The client discussed their rebranding with us, pulling out pictures they wanted to represent their products on a rebranded site. One of the photos was related to an ocean tide. It just wasn’t an attractive picture. Never one to be able to hide my feelings (thank God I work over the internet,) I instantly made a face when the image popped up.
“Don’t you like it?” the client asked.
“Well,” I said, to the horror of my colleagues, “I think it really kind of looks like pee.”
It Looks Like Pee
Five years later and I’m still getting a hard time about this. Now mind you, I didn’t say their products resembled pee in any way – just a nature picture showing some water. But I think I’ll probably never, ever live it down. And rightfully so. There are at least a hundred different ways I could have explained my position to our client without embarrassing myself into eternity. Unfortunately, I didn’t take that route.

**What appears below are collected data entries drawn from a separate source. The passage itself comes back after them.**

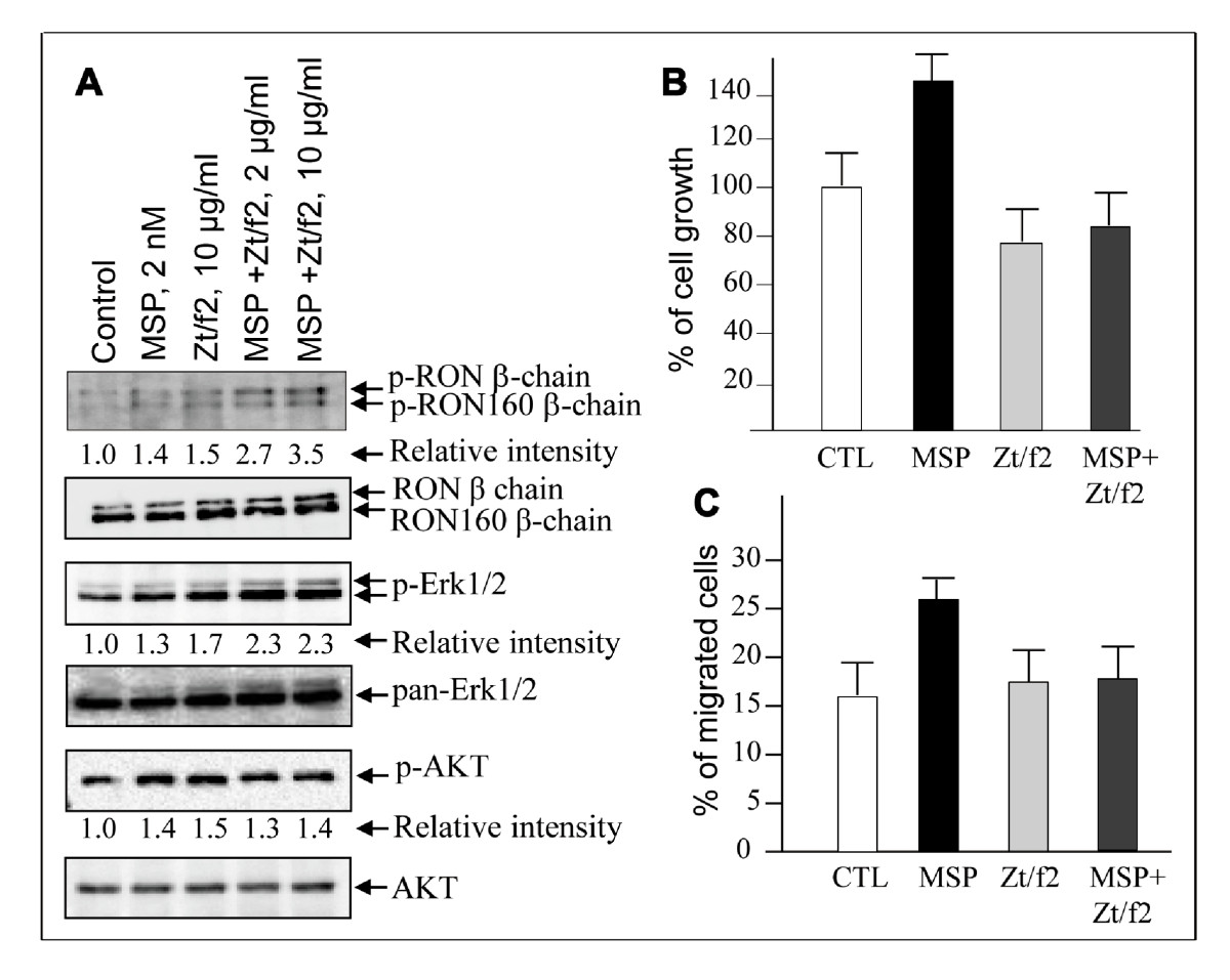 Deletion of MRS results in constitutive phosphorylation of RON (23)(24). To determine if Zt/f2 binding to this region affects RON activation, cells were serum-starved overnight and treated with MSP or Zt/f2 for 15 min. A trace of RON and RON160 phosphorylation was detected in HT-29 cells (Figure 3A). MSP stimulation slightly increased the levels of phosphorylation. Zt/f2 treatment alone results in a slight increase in RON phosphorylation. A moderate level of synergism in RON phosphorylation was observed when Zt/f2 was combined with MSP. Also, Zt/f2 alone moderately increased Erk1/2 and AKT phosphorylation. We observed a moderate increase in Erk1/2 or AKT phosphorylation when MSP and Zt/f2 were combined. To study if phosphorylation translates into cell proliferation, the effect of Zt/f2 on HT-29 cell growth was determined. Treatment of cells with Zt/f2 for three days moderately inhibited cell growth compared to control or MSP-stimulated cells (Figure 3B). Similarly, Zt/f2 moderately inhibited MSP-induced cell proliferation. Analysis of cell transmembrane migration revealed that Zt/f2 only has marginal effect on HT-29 cell migration (Figure 3C). A moderate inhibition by Zt/f2 in MSP-induced cell migration also was observed. Taken together, results in Figure 3 suggest that although Zt/f2 slightly increases RON, Erk1/2, and AKT phosphorylation, it moderately inhibits MSP-stimulated or non-stimulated HT-29 cell growth but only slightly prevents these cell migrations.
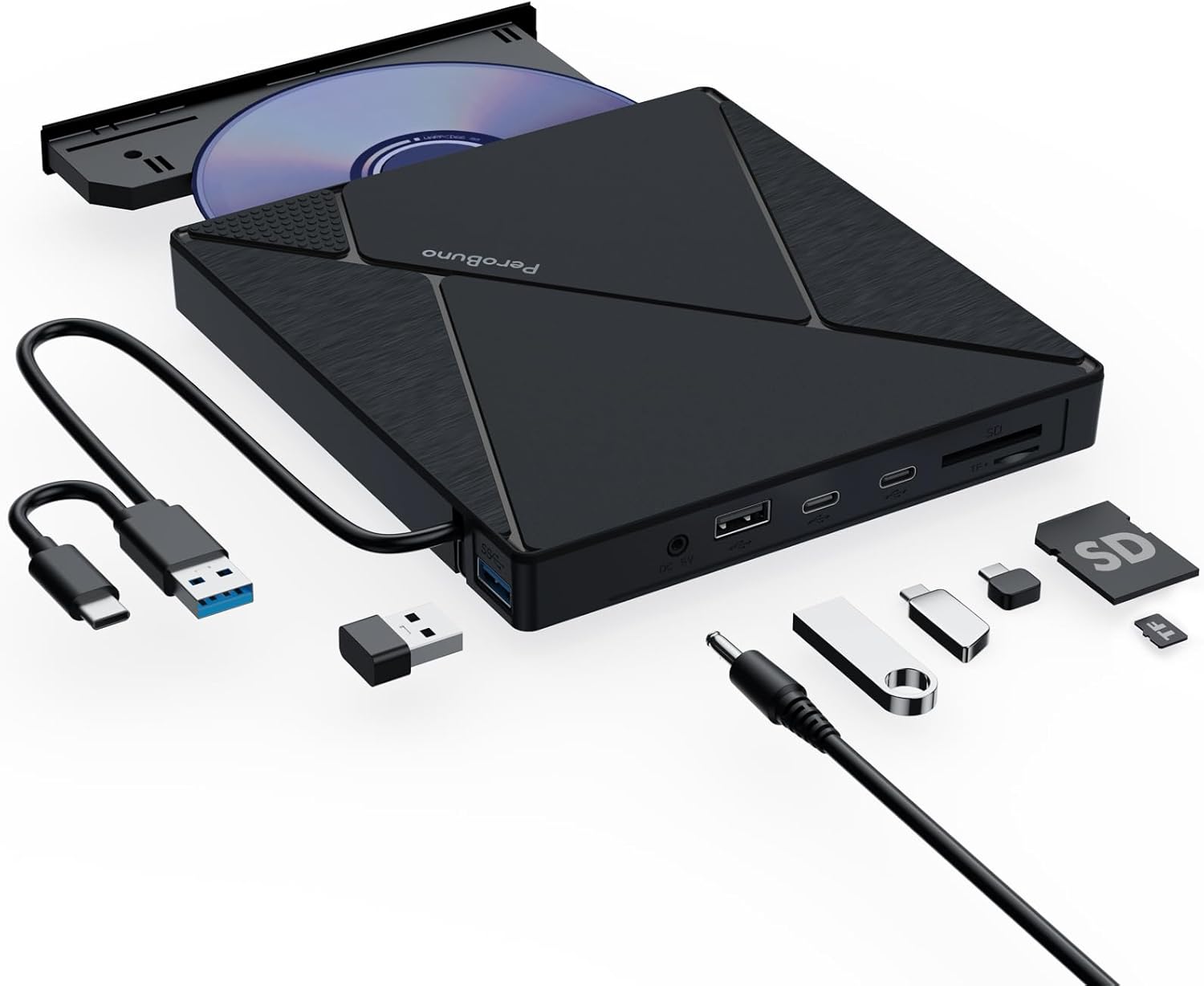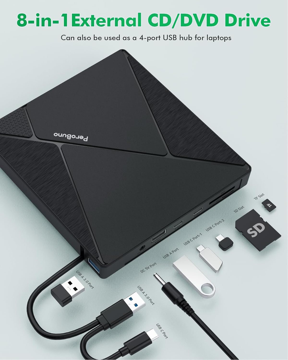 PeroBuno External CD DVD Drive, USB 3.0 Optical Disc Drive, 4 USB Ports and 2 TF/SD Card Slots, CD DVD... Read more Read more
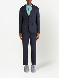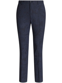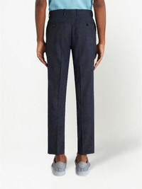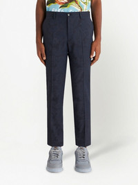 patterned-jacquard straight-leg trousers navy blue virgin wool blend patterned jacquard straight leg cropped mid-rise pressed crease concealed fly and button fastening slip pockets to the sides two rear button-fastening jetted pockets belt loops Made in Italy Composition Outer: Virgin Wool 99%, Elastane 1% Lining: Acetate 60%, Viscose 40%
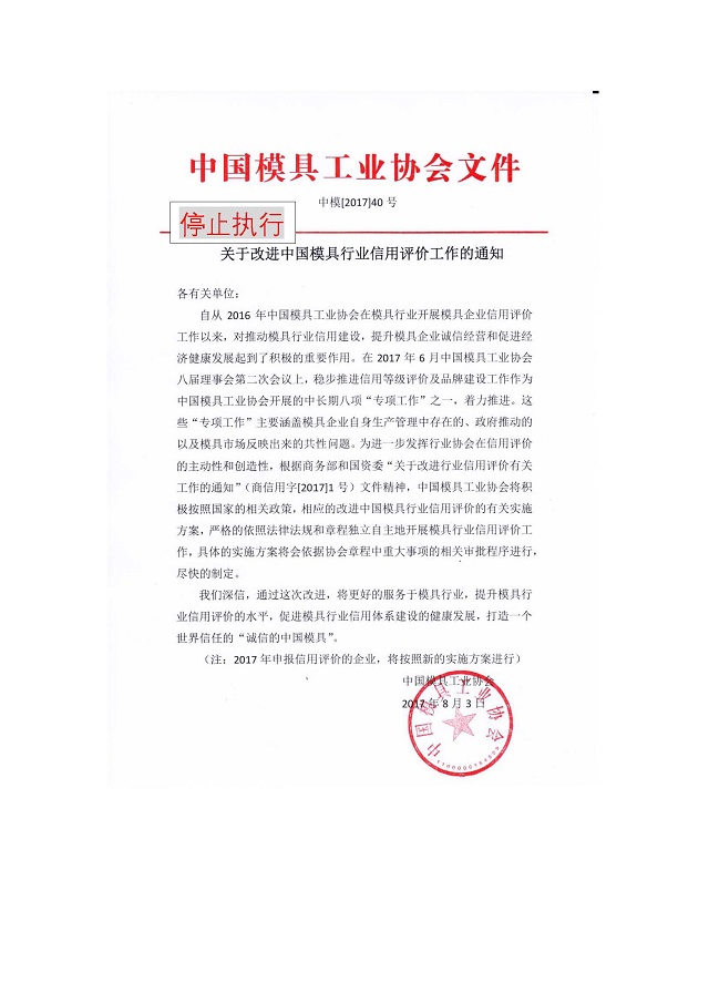 關(guān)于改進(jìn)中國模具行業(yè)信用評價工作的通知
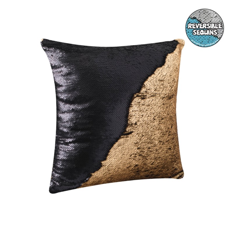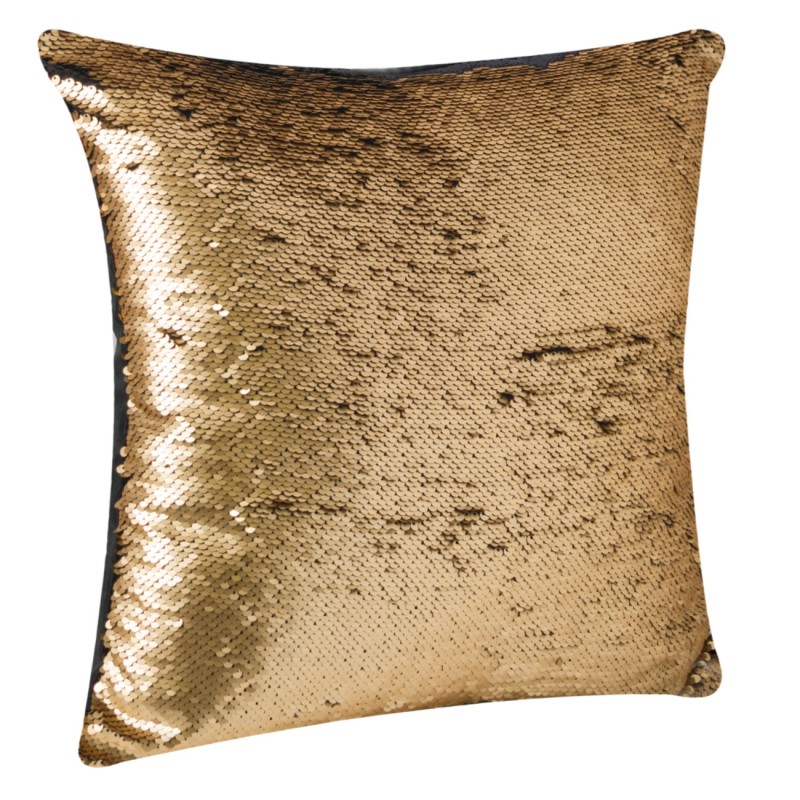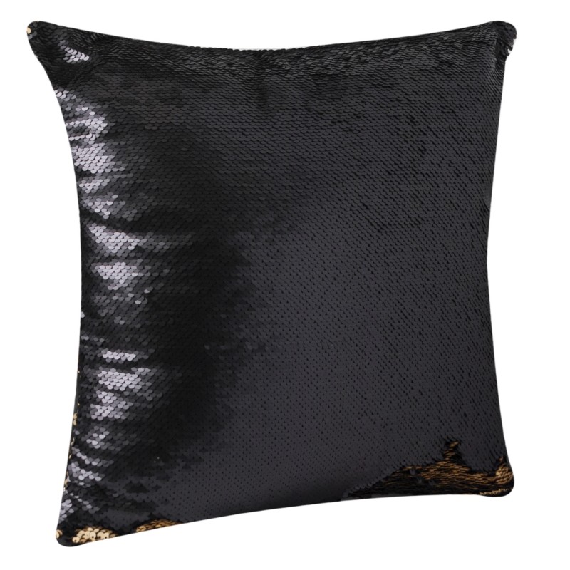 Квадратна декоративна възглавница, изработена от полиестер с магически пайети в черно и златисто.
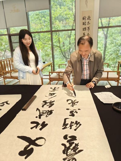 挂牌仪式结束后,南充、营山的书法家们即兴挥毫、笔走龙蛇,为大地魂酒业有限公司留下了一幅幅精美书法。彭继荣书写的《文化赋能企业、艺术点亮乡村》,直奔主题,令人赞叹。邓鹏双手捧着著名书法家刘泽笑为自己茶园写的两幅对联:“水可润心茶明德、诗能言志画寄情”,“翠叶凝香迎远客、清泉煮韵待知音”,脸上露出了欣喜的笑容,遂了自己久日的心愿。
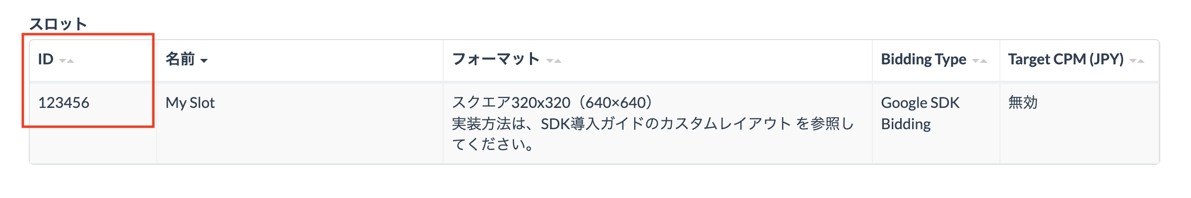 | 102 | com.google.ads.mediation.line | スロット ID がないか、無効です。 |
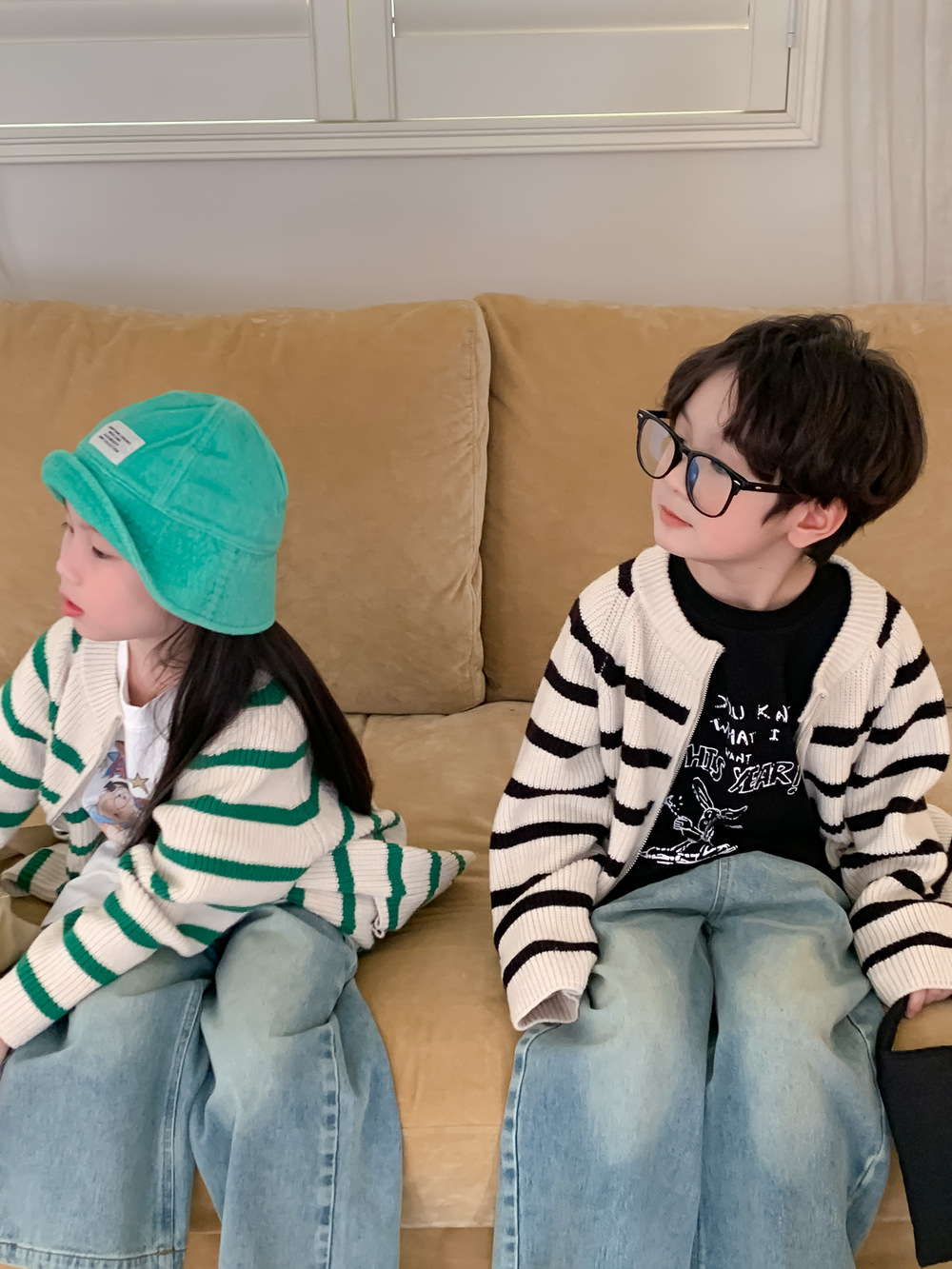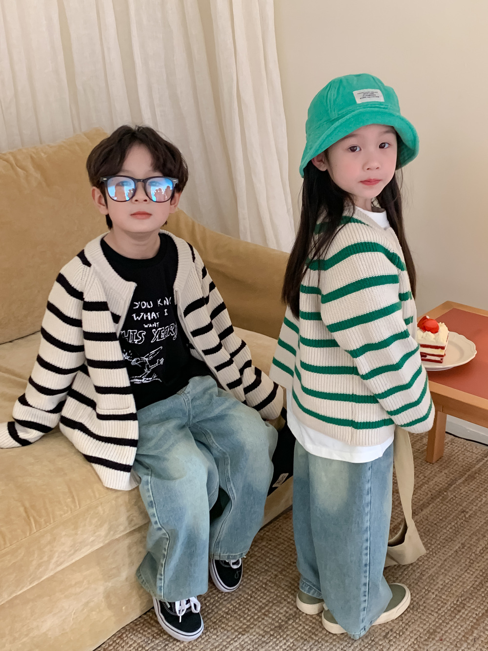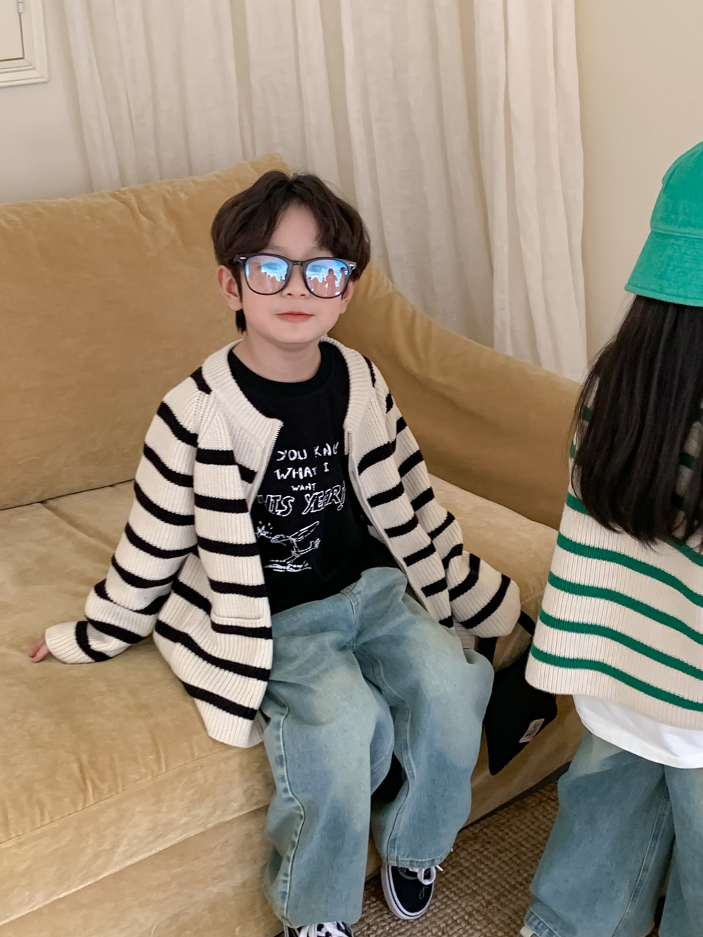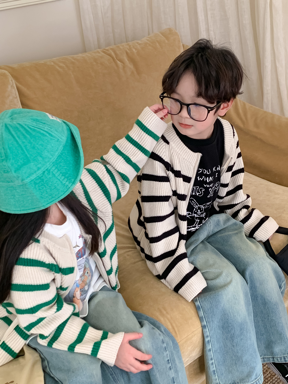 아동 스웨터 2025 가을 스타일 소년 소녀 한국 스타일 지퍼 스트라이프 스웨터 아동 캐주얼 루즈 니트 재킷스토어 가기
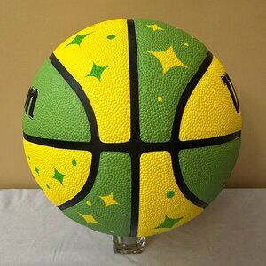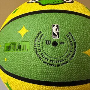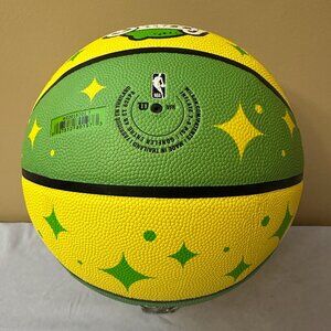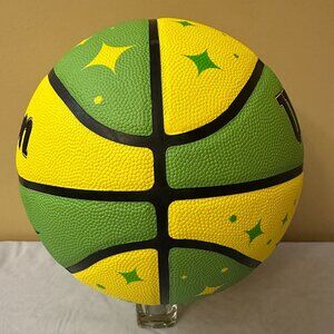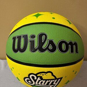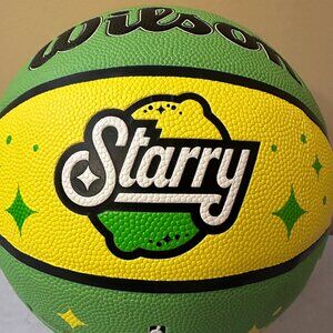This is a Pepsi Starry, NBA Wilson Basketball. The basketball is full sized and is a replica of the official 3 Point Contest basketball. The basketball has never been used and was only inflated for photographs. The ball is in fantastic condition overall with no scratches, rips. etc.. The ball is primarily green and yellow like Starry soda pop and and has the Wilson and Starry logos on one side. The other side features the Wilson and NBA logo with the NBA All Star 3-Pt Contest Replica text and the Commissioner Adam Silver's text signature. The rest of the ball just features Starry starburst patterns. It comes from a smoke free and pet free home and will be packaged and shipped with great care.

But I did do one thing right: I told the truth. It wasn’t a pleasant or an easy truth, but it WAS the truth, and it stretched beyond my opinion and touched into marketing expertise.
Telling the Hard Truths
As much of an idiot as I was in my explanation, the intention had heart. The first images a client sees on your website are a true reflection of what your product has to offer. If clients see an unflattering image that reminds them of – well, pee, a damaging initial impression could be created. None of this happens on a conscious level, and I’m not encouraging clients to explicitly use subconscious messaging techniques (I won’t go into those here) to appeal to clients. I am saying that associations are important, and our initial associations are captured through headlines and imagery.
It’s worth taking a look at what a few big brands want you to notice on their sites:
For Bath and Body Works, it’s all about the FREE GIFT all over the place. What did you first notice when you took a look at this page? If it didn’t make you want to run out and buy stuff from Bath and Body Works, you will at least have the awareness that there’s value in buying from them. You’ll get free stuff, multiple products for a discount – and if you’ve ever been to Bath and Body Works you know this is their schtick.
For Febreze, it’s all about the promo products they’re running right now. Since you’re probably going to go to the grocery store to buy your Febreze as opposed to ordering online, the idea here is to acquaint you with the products online, so those images will be in your head later. When you go to the store, you’re going to make that association with their product lines when you’re in the cleaning aisle. If you know that they’re creating fall or night time collections and you’re interested in these products, just seeing the Febreze logo and the bottles on the shelf signals you to buy. This isn’t something I have to quote an in-depth marketing study to prove. Think about your recent purchases and consider how television, print and internet advertising influences you to buy.
So, what if all those nifty blue bottles were unattractive pictures that didn’t catch your eye? If you were in charge of marketing the Febreze brand you’d want to consider that, right?
I leave it up to the reader. And if I ever market your brand, I promise I won’t tell you something looks like pee. And if it does, I’ll find a nicer way to say it.